Entries shown:
☆ ☆ ☆ ☆ ☆ ☆ ☆

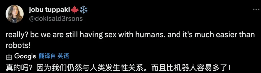性AI机器人,到底行不行?我有一个朋友试了一下…比如说,OpenAI就希望在2024年实现GPT-5的研发,使其性能更进一步接近人脑。特斯拉这边,马斯克在没有预告的情况下推出了Optimus二代机器人(Gen 2)的预告视频,最引人注意的是机器人的手指所搭载柔性皮肤传感器,可以智能检测出周围的基础力度、温度、湿度、震动、材质、软硬等特性,所以又被叫做人型机器人的“电子皮肤”。正当各大科技巨头想在新科技时代里抢占身位的同时,依然有许多科技爱好者,将目光瞄向了一个传统的领域:2015年,太阳报发布了一篇大胆的预测文章,说在10年后,也就是在2025年,人类将可以与机器人doi,到2050年,人类将可以与机器人有真实的婚姻。这原本只是一篇普通的科技预言文章,但却意外引起了全球网友的共鸣。基本上每一年的1月1日,大家都要把这篇文章翻出来转发、点赞。2024年也不例外,如今这篇文章在推特上已经积累了足足9万转发,6万点赞,1.1万条评论。有网友觉得距离截止日期就剩1年了,一定得提前预定上。有网友对机器人的发展前景表示质疑,觉得还是与人相处容易。但我有一个朋友更关心的是,2024年,这个预言究竟实现了多少?这还要从北美最大的播客主播Joe Rogan的视频《性神经学家对性爱机器人的看法》说起。在这个视频里,Joe Rogan和一位性神经学家聊起了Sex Robot,并播放了一段号称当前“最先进”的性爱机器人RealDoll X的音频,震惊了许多观众。有人说:“出生得太晚,无法发现世界。出生太早,无法探索星空。但刚好能享受到机器人科技的神奇。”“造一个集成了人工智能的性爱机器人,让它走路、说话、给你做饭,这将是一个价值十亿美元的产业。”“一个性爱机器人不会作弊、欺骗、虐待、离开你,听起来是个很棒的主意”。“当机器人说‘我们在一起的时间会非常神奇’,我几乎哭出来了……”那么,这个“震惊世人”的RealDoll X,真的有这么牛逼么?根据官网描述,这款性爱机器人,由人工智能驱动,而搭载的芯片,就藏在机器人的后脑中。根据市场评测来看,相比于只能躺在床上一动不动的玩偶,这个机器人可以移动头部、嘴部,能通过眼睛的放大缩小、眉毛的微妙变化来传递机器人的“情绪”。并且,使用者可以通过下载不同的APP,来设计这款机器人的各种特征。比如说,你可以利用X-mode App,设计机器人的音调,并且设计她的对话风格,比如说快乐、害羞、感性、有趣、健谈…… 除了一些基础的语言功能、和表情功能之外,机器人还通过一些传感器来增强交互功能。比如说,机器人自带的蓝牙模块,可以与使用者的蓝牙模块进行测距。在机器人处于开机状态时,只要使用者靠近机器人,机器人就会说一些甜言蜜语,当使用者远离机器人时,机器人就会说一些“不要离开我”之类挽留的话。有点像电子舔狗,区别是要想让机器人闭嘴,可以给ta关机。而机器人的下体中,设计了不同的传感器,来模拟人体的接触。比如说,压力传感器,可以测出单位时间内压力的变化,来判断使用者的使用强度、频率。然后根据这些数据,画出一条函数。因为在使用者的使用过程中,使用者的兴奋度不断提升,频率、施加的压力就会加快,形成一条越来越陡峭的曲线。那么机器人便可以根据这条曲线的陡峭程度,来判断是轻度兴奋还是高度兴奋,然后说出相应的符合情景的语言。当你作为农民,一开始打牌慢的时候,农民会说:“我等的花儿都谢了。”当你在对局后期又是炸弹又是王炸的时候,农民伙伴就会说:“你丫的牌打得也忒好了。”最后对局结束,农民朋友就会给你递上一杯卡布奇诺,庆祝胜利。那么,这场人与机器人的“斗地主”中,除了牌局胜利所带来的生理性的愉悦感之外,也通过类社交交互,来强化了社交愉悦感。当然了,说完机器人的智能部分,机器人与人最为不同的是可以更换配件,做到高度定制。注:为什么没有男性机器人呢,并不是公司不注重女性市场,而是男性机器人天然的有设计安全问题,对机器人技术的要求会更高,大家可以自行思考下。选择完基础款式后,你可以选择机器人的五官、身材,头发什么颜色、多长、直发还是卷发……只要你有想得到的需求,并且资金量充足,你甚至可以联系客服,定制更具体的需求。如果你的XP真的足够小众,是三头六臂,还是武装直升机,理论上是可以做到的。根据网上的不同测评来看,平均到手价应该是1万美元,也就是大约71000元人民币。而根据Vivid Map的全球性交易均价图,2006年,一小时性行为的平均费用是340美元,但到了2019年,平均价格已经降至了260美元。(注:在我国,性交易是违法的)要是考虑到东南亚的廉价色情市场,那么,平均150美元的性交易价格,加上一张100~200美元的机票,将是更为“划算”的交易。
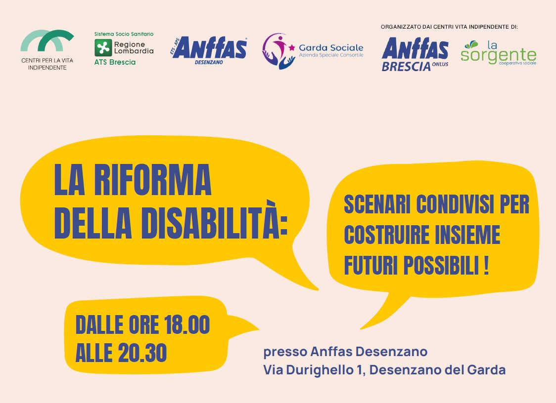 I Centri per la Vita indipendente dell'Ambito 11 organizzano due serate per conoscere meglio la riforma della disabilità, per immaginare e costruire insieme i prossimi passi verso una società sempre più inclusiva. Al centro la persona con disabilità che definisce il proprio progetto di vita individuale, personalizzato e partecipato, a partire dai suoi desideri, dalle sue aspettative e preferenze attraverso la definizione di sostegni formali ed informali che prevedano la trasformazione del sistema dei servizi e della società in una chiave sempre più rispettosa dei diritti delle persone.
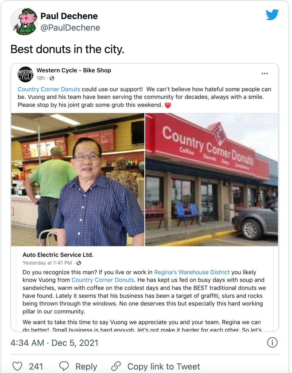 “大家一起来支持Country Corner Donuts这家店吧!我们难以想象那些仇亚的人会做出什么过分的事来。
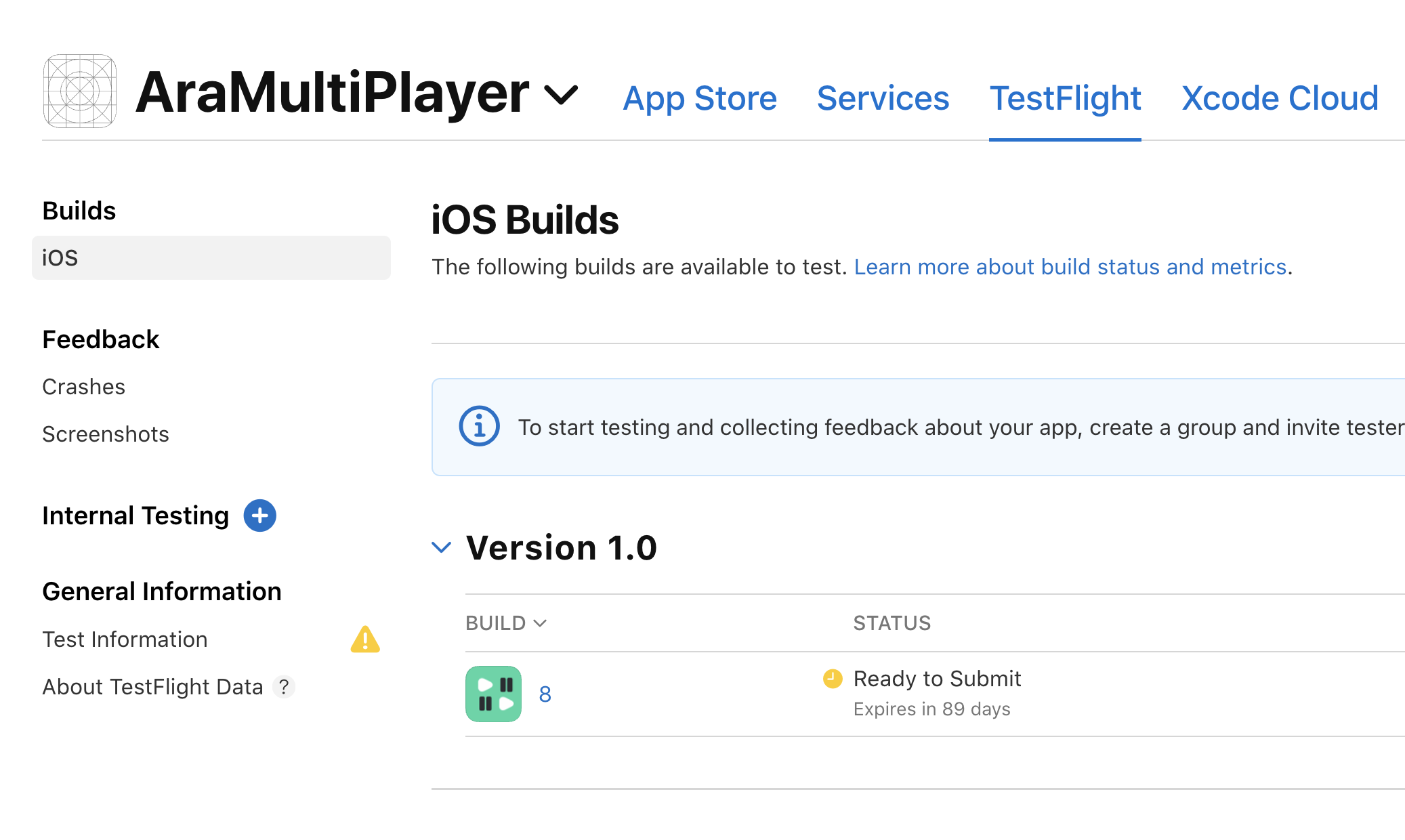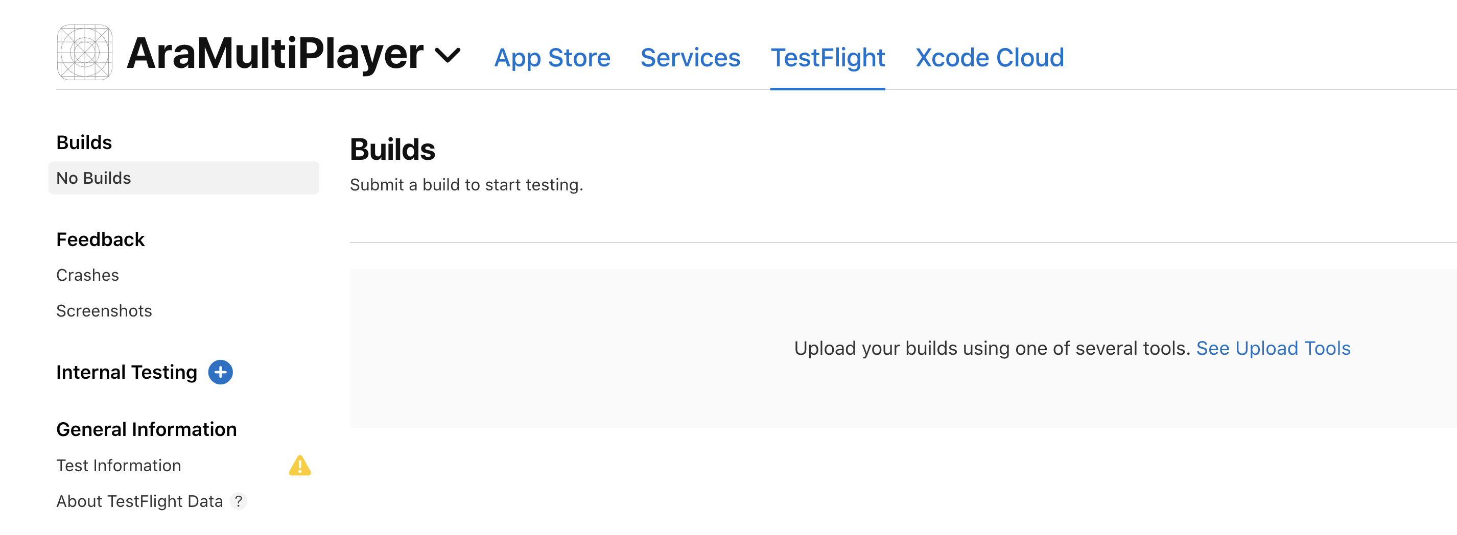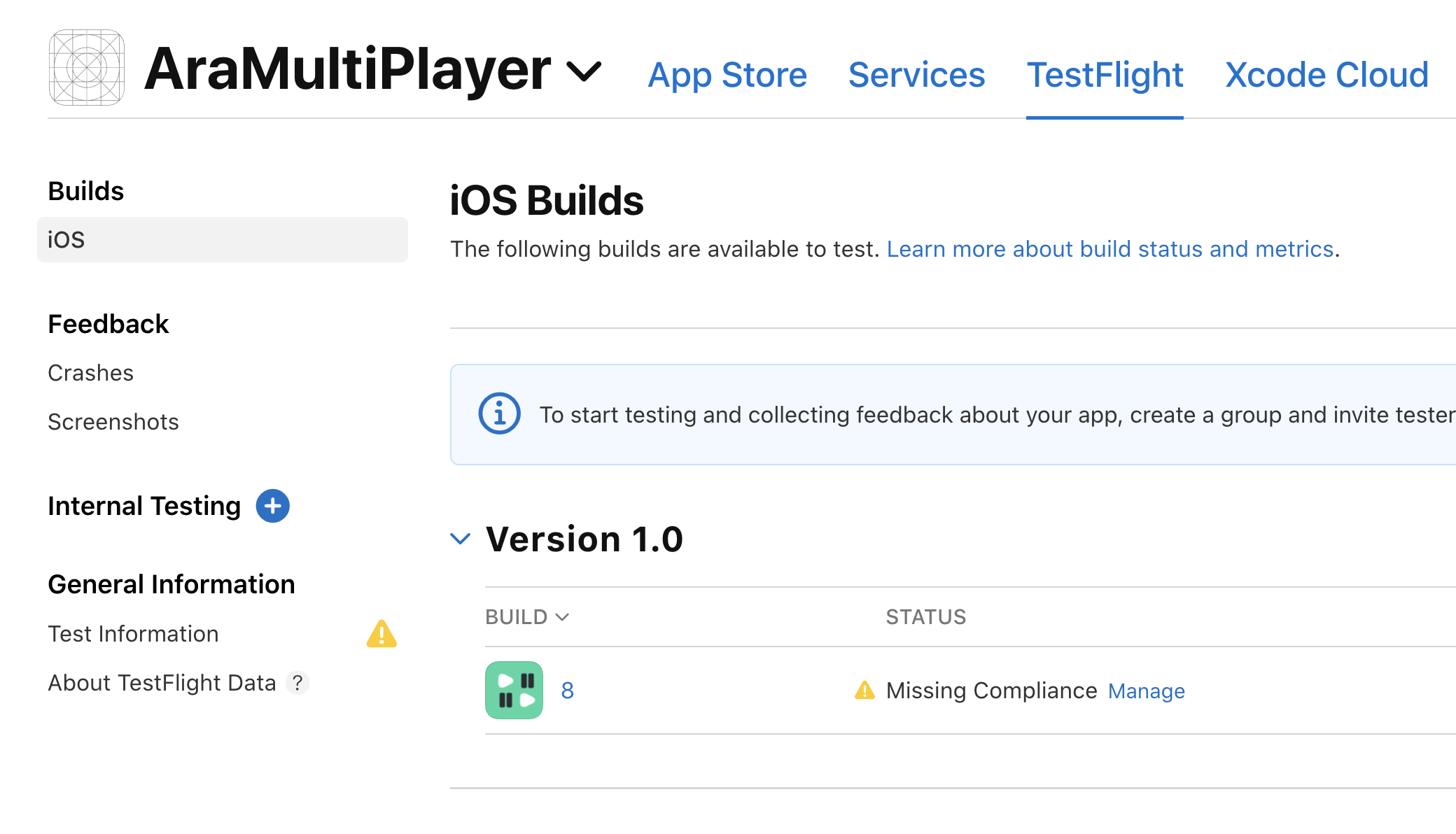 TestFlight가보니 Builds에 보여야 하는데, 안보인다. (테스트를 할필요가 없어도, 앱을 올리면 여기로 올라온다.)
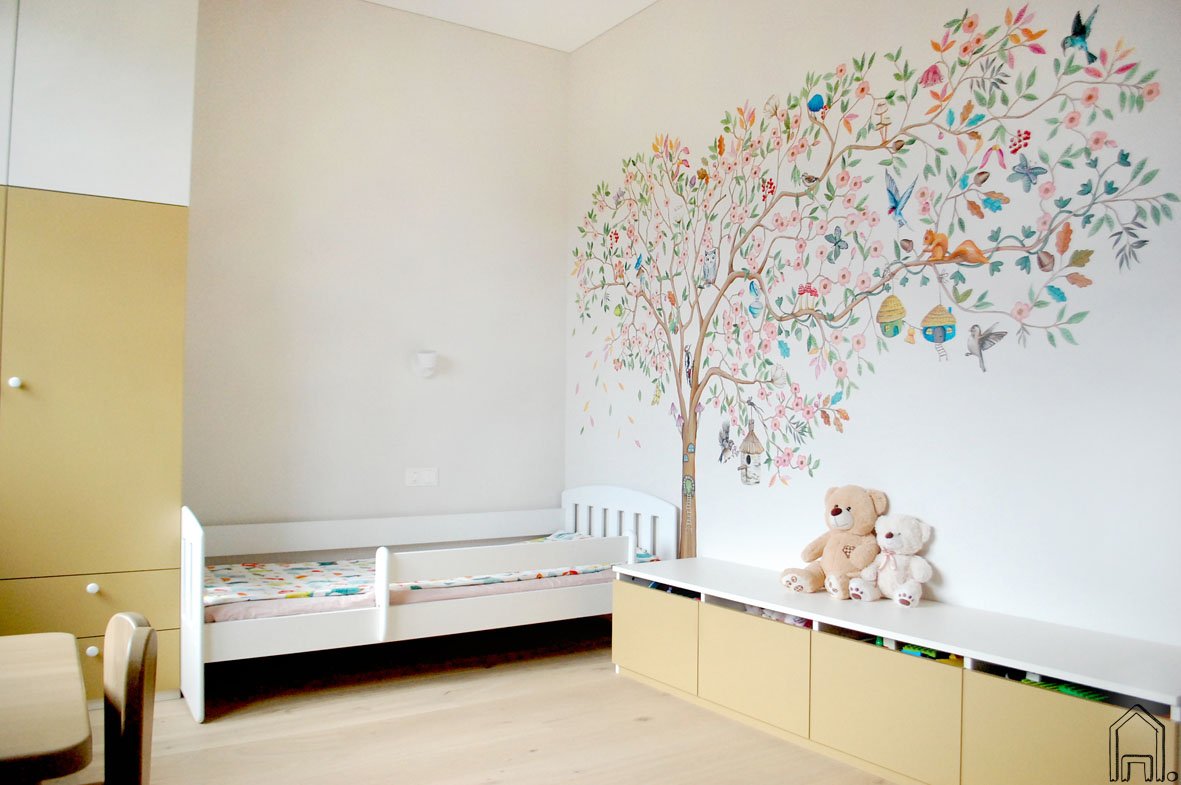 Spalvingas pasakų medžio piešinys nutapytas mažos mergaitės kambaryje. Kambario interjerui pasirinktos natūralios pastelinės spalvos, medžio faktūra, tad spalvingas medelis tapo nuotaikingu kambario akcentu.
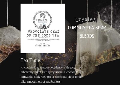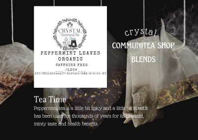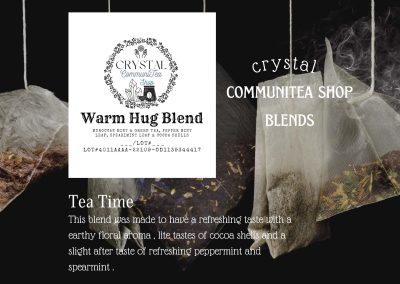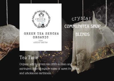 Discover the perfect harmony of premium organic teas and healing energy. At Crystal CommuniTea Shop, we invite you to taste our curated selection of nature’s finest infusions, crafted to bring balance and serenity to your daily ritual.
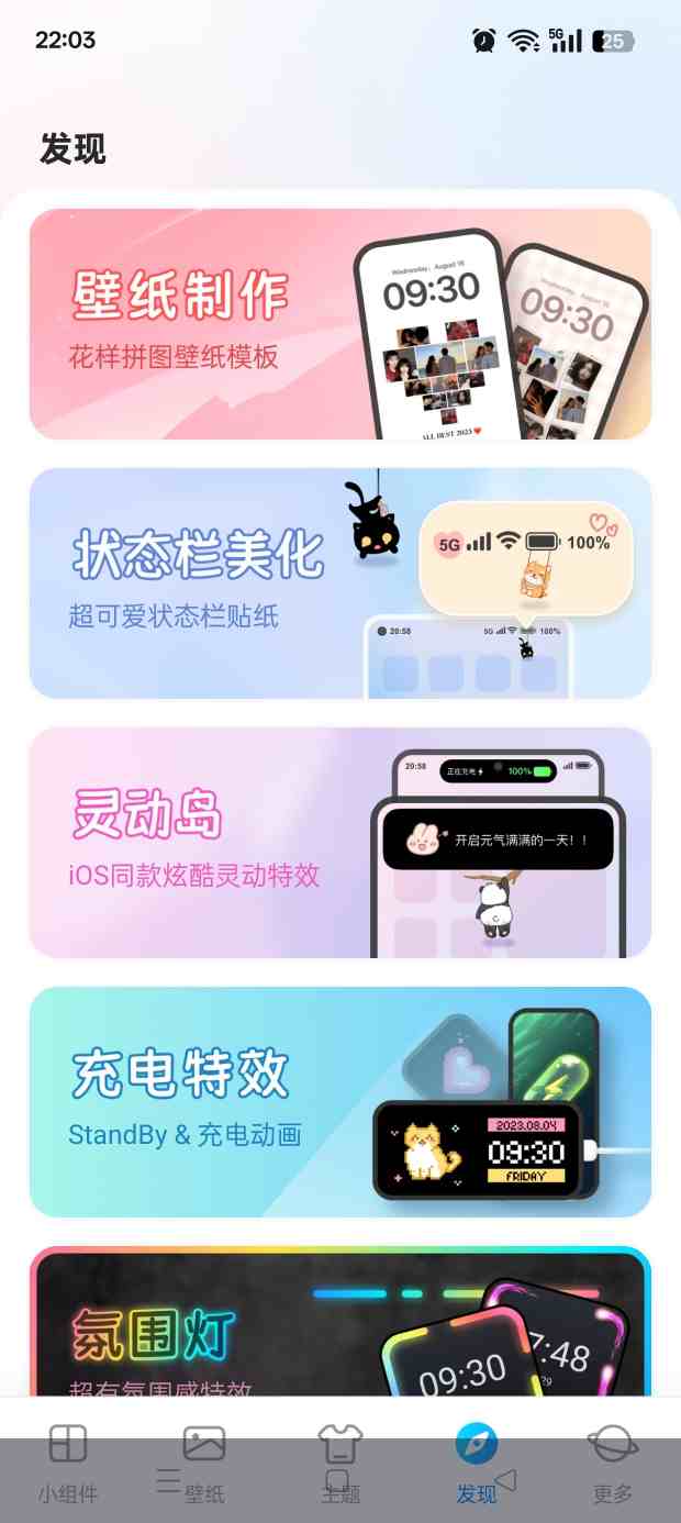 我的桌面iScreen是一款全能桌面美化App,拥有5000+小组件、10万+主题和壁纸等功能包含面板、时钟、工具、创意、倒计时等组件,灵动岛备受年轻人的喜爱,可以自定义挂件、文字、字体、颜色和主题等设置,还有充电动画、壁纸、氛围灯、应用锁等功能,简单又方便,打造属于自己的桌面。

☆ ☆ ☆ ☆ ☆ ☆ ☆

Problem to solve: Could you give again precisely the lines from the one containing "Spalvingas pasakų medžio" through the final line of the material above, both included, and no others, dropping the pictures?

Result of this task:
 Spalvingas pasakų medžio piešinys nutapytas mažos mergaitės kambaryje. Kambario interjerui pasirinktos natūralios pastelinės spalvos, medžio faktūra, tad spalvingas medelis tapo nuotaikingu kambario akcentu.
 Discover the perfect harmony of premium organic teas and healing energy. At Crystal CommuniTea Shop, we invite you to taste our curated selection of nature’s finest infusions, crafted to bring balance and serenity to your daily ritual.
 我的桌面iScreen是一款全能桌面美化App,拥有5000+小组件、10万+主题和壁纸等功能包含面板、时钟、工具、创意、倒计时等组件,灵动岛备受年轻人的喜爱,可以自定义挂件、文字、字体、颜色和主题等设置,还有充电动画、壁纸、氛围灯、应用锁等功能,简单又方便,打造属于自己的桌面。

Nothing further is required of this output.